ACTIVITY:
Reproduce the listing in full, exactly as written, but without images.

DATA SEGMENT:

————————

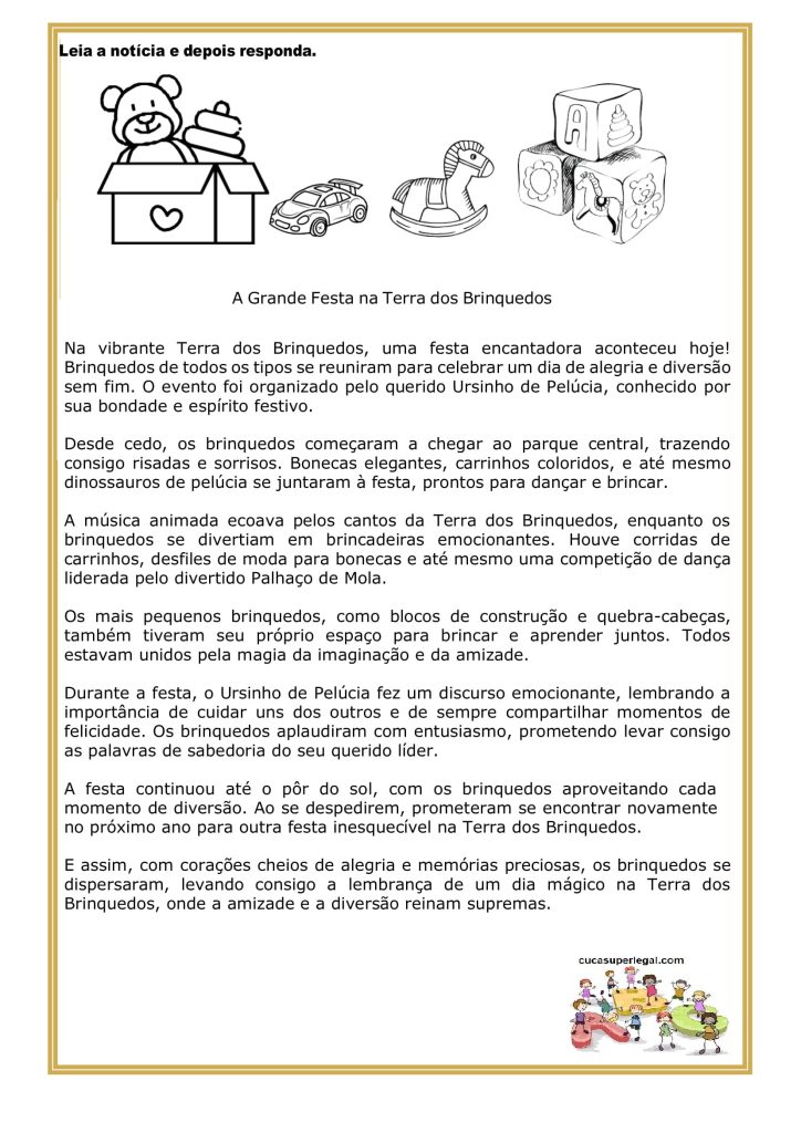 - Texto da notícia “A Grande Festa na Terra dos Brinquedos” (impresso ou projetado)
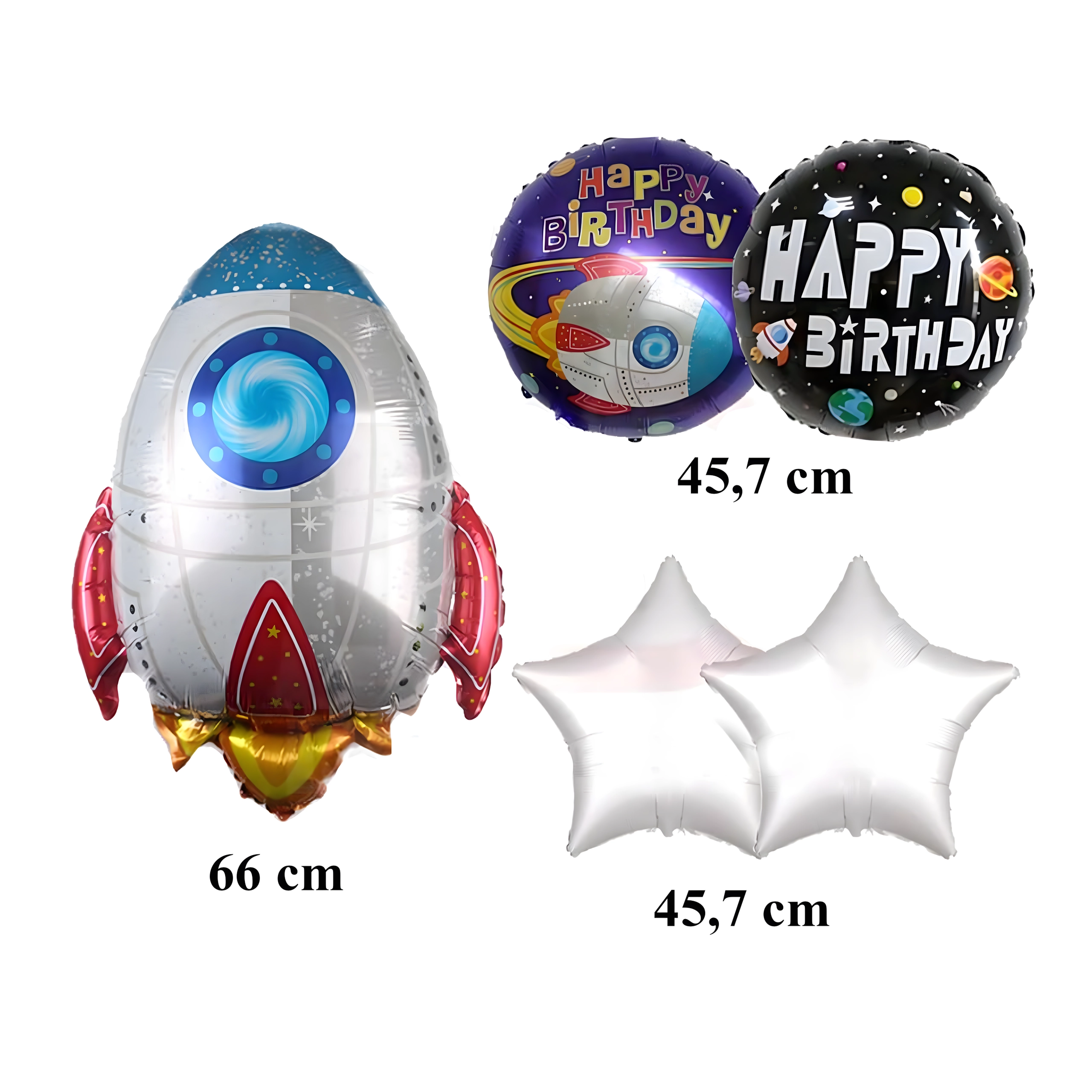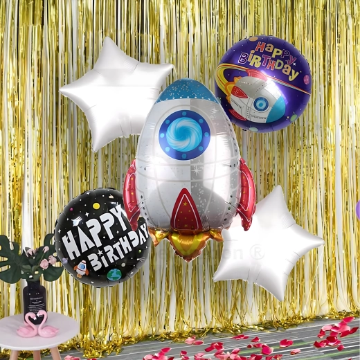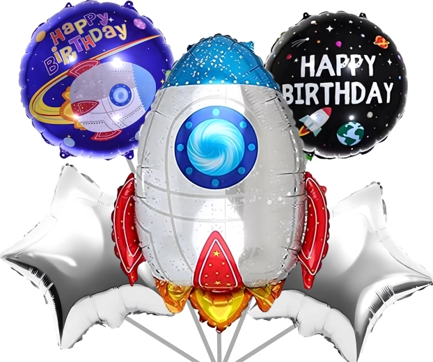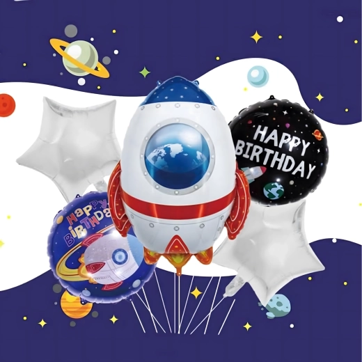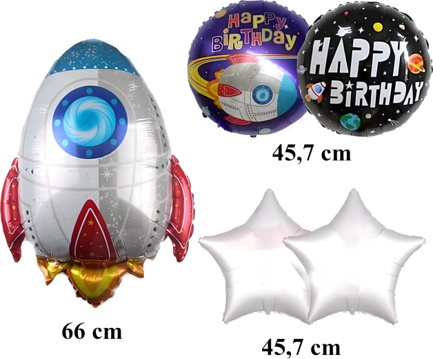 Transformă petrecerea într-o misiune spațială de neuitat. Baloanele din folie cu motive de rachetă, astronaut și stele strălucitoare creează o decorațiune impresionantă, care îi va încânta pe micii și marii exploratori. Datorită foliei de calitate, baloanele își păstrează forma și luciul pentru mai mult timp.
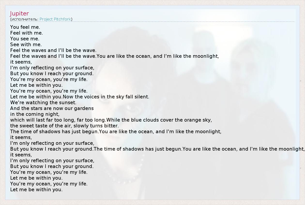 Feel the waves and I'll be the wave.You are like the ocean, and I'm like the moonlight,
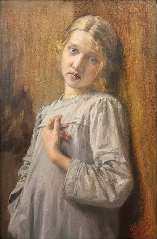 Il dittico dei genitori risale al 1886, quando Simi aveva 26 anni, e attraverso la posa solenne della madre, e quella più pragmatica del padre, riesce ad andare ben oltre la perfezione tecnica della tela conferendo ai soggetti un alone di spiritualità. Volle, rifacendosi al dittico dei Duchi di Urbino di Piero della Francesca, riproporre una “coppia regale”, legata in un’unica cornice.

————————

ANSWER FOR THIS EXERCISE:
 - Texto da notícia “A Grande Festa na Terra dos Brinquedos” (impresso ou projetado)
 Transformă petrecerea într-o misiune spațială de neuitat. Baloanele din folie cu motive de rachetă, astronaut și stele strălucitoare creează o decorațiune impresionantă, care îi va încânta pe micii și marii exploratori. Datorită foliei de calitate, baloanele își păstrează forma și luciul pentru mai mult timp.
 Feel the waves and I'll be the wave.You are like the ocean, and I'm like the moonlight,
 Il dittico dei genitori risale al 1886, quando Simi aveva 26 anni, e attraverso la posa solenne della madre, e quella più pragmatica del padre, riesce ad andare ben oltre la perfezione tecnica della tela conferendo ai soggetti un alone di spiritualità. Volle, rifacendosi al dittico dei Duchi di Urbino di Piero della Francesca, riproporre una “coppia regale”, legata in un’unica cornice.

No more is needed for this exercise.